Data from studies meeting inclusion criteria were extracted and reviewed for accuracy by two authors. Data regarding study characteristics included: sample size, source of study sample, length of follow-up, and demographic variables of study participants (age, gender, race/ethnicity, and education). Data were also extracted about the diagnostic criteria used to make an MCI or dementia diagnosis, the measure of CR, what type of AD neuropathology was controlled for, study outcomes, and the hazard ratio and 95% confidence intervals (CIs) associated with a one unit increase in CR. Where hazard ratios and 95% confidence intervals were unavailable, the authors reached out to the corresponding author of each study to obtain these estimates.


Nine prospective cohort studies were included in the meta-analytic results (Hohman et al., 2016; Petkus et al., 2019; Pettigrew et al., 2017; Soldan et al., 2013, 2015; Udeh-Momoh et al., 2019; van Loenhoud et al., 2017, 2019; Xu et al., 2019). In order to reduce variability between studies, we extracted the hazard ratios and corresponding confidence intervals associated with high CR at baseline after controlling for relevant structural (Petkus et al., 2019; Pettigrew et al., 2017; Soldan et al., 2015; van Loenhoud et al., 2017, 2019) or biomarker (Hohman et al., 2016; Soldan et al., 2013; Udeh-Momoh et al., 2019; Xu et al., 2019) covariates. Some studies examined the interaction of CR by neuropathology in addition to the main effect of CR in relation to risk of progression to dementia (Pettigrew et al., 2017; Soldan et al., 2013, 2015; Udeh-Momoh et al., 2019).

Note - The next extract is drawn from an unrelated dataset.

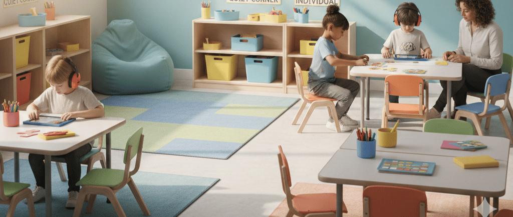 Estruturação do Espaço Físico: Delimitar as áreas da sala de aula por função (área de trabalho individual, área de descanso, área de brincadeiras), usando barreiras visuais claras.

To hone in on the specific effect of CR on risk of progression, we chose to include the main effects of CR on risk of progression from these studies rather than the interaction. The two types of CR measurements differed in terms of their use of markers of AD neuropathology, which were used as covariates in studies using proxies and directly in the calculation of CR in studies using the residual approach. While both fixed- and random-effects models were conducted for transparency, the random-effects estimates should be given greater consideration due to the substantial differences in study methodology (i.e., controlling for structural characteristics versus biomarker characteristics, using composite proxy versus residual variance approaches for CR).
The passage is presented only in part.